7—
Intensification
When an action consists of a series of similar scenes, the weakening effect of
repetition is compensated for by introducing some sort of intensification . The prime
example of this is the series of battles in the Sack of Troy. There are detailed
descriptions of the fights in which Androgeus is involved (370-85), the fight for
Cassandra (402-34), the battle for the citadel (453-505), Priam's last fight (505-58).
Not only is the pathos more intense in the second scene compared with the first –
Coroebus' despair at the sight of his betrothed, whom he has been searching for
everywhere; but also, in contrast to the first fortunate outcome, there now comes the
first serious defeat. Also, in contrast with the unknown Androgeus we now have on
the battlefield the chief heroes of the Achaeans, Ajax and the Atrides. Neoptolemus
is reserved for the hardest fighting, which follows, and this in turn intensifies the
action, as the partial defeat in the second scene is followed by the decisive defeat
when the citadel is stormed. Here, again, the finale consists of the greatest possible
330 disaster, the death of the king himself. We have discussed this above on p. 23ff. In
the Dido scenes in Book 4 the climax leading up to the end is provided by the
material itself. In the competitions in Book 5, after the highly dramatic and emo-
tional boxing-match it was hardly possible to intensify the pathos any further.
Instead, for the last competition, Virgil invents Acestes' miraculous feat, thereby
raising the mood to the higher level of the portentous and supernatural Intensification is
carried out most carefully where it is most urgently required, in the battle-descriptions
in Books 9-12; I have referred to this repeatedly in my analysis above (p. 142ff.).
Comparison with the battle-descriptions in the Iliad is particularly instructive here.

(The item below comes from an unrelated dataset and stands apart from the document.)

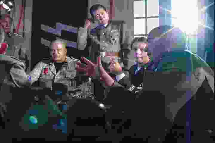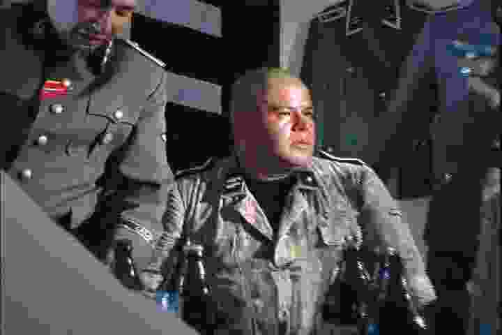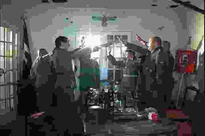 As the conversation evolves among cameras, lights, and boom operators — which the actors take as witnesses to the seriousness of their propositions — the heated discussion gets more and more personal until one of the characters says, irritated, that he isn’t acting anymore. As if he ever was. Here again, the escalating tension emanates from the factual documentation of what first started as a staged situation, turning National Socialism into a somewhat historical construction that these dressed-up characters lightly call a metaphore.

Moreover, the principle applies not merely to the individual groups of scenes, but
to the lay-out of the whole work; or at least Virgil intended it to. The first half of the
poem ends with the most sublime passage of the whole work, the Parade of Heroes
and Anchises' prophecies. However, compared with this first half, the second half is
supposed to appear even more elevated and more splendid: maior rerum mihi nasci -
tur ordo , maius opus moveo (7.44) [a graver sequence of events opens before me,
and I now begin a grander enterprise]. In fact, it does not convey this effect, and it is
also doubtful whether Virgil was satisfied that he had achieved his objective. He
was writing from the contemporary standpoint which regarded the celebration of
war as the epic writer's greatest task. Books 7 and 8 are devoted to the preparations
for battle; Books 9 and 10 describe the first battles and culminate in Aeneas' first
great feat, the fall of Mezentius; after the excitement has dipped a little in Book 11,
so that another rise is possible, this leads in Book 12 to the climax of the whole
work, the death of Turnus. On this high spot the long road reaches its ending. It can
never have entered Virgil's head that he should go on to narrate the peaceful
consequences which must have followed Aeneas' victory.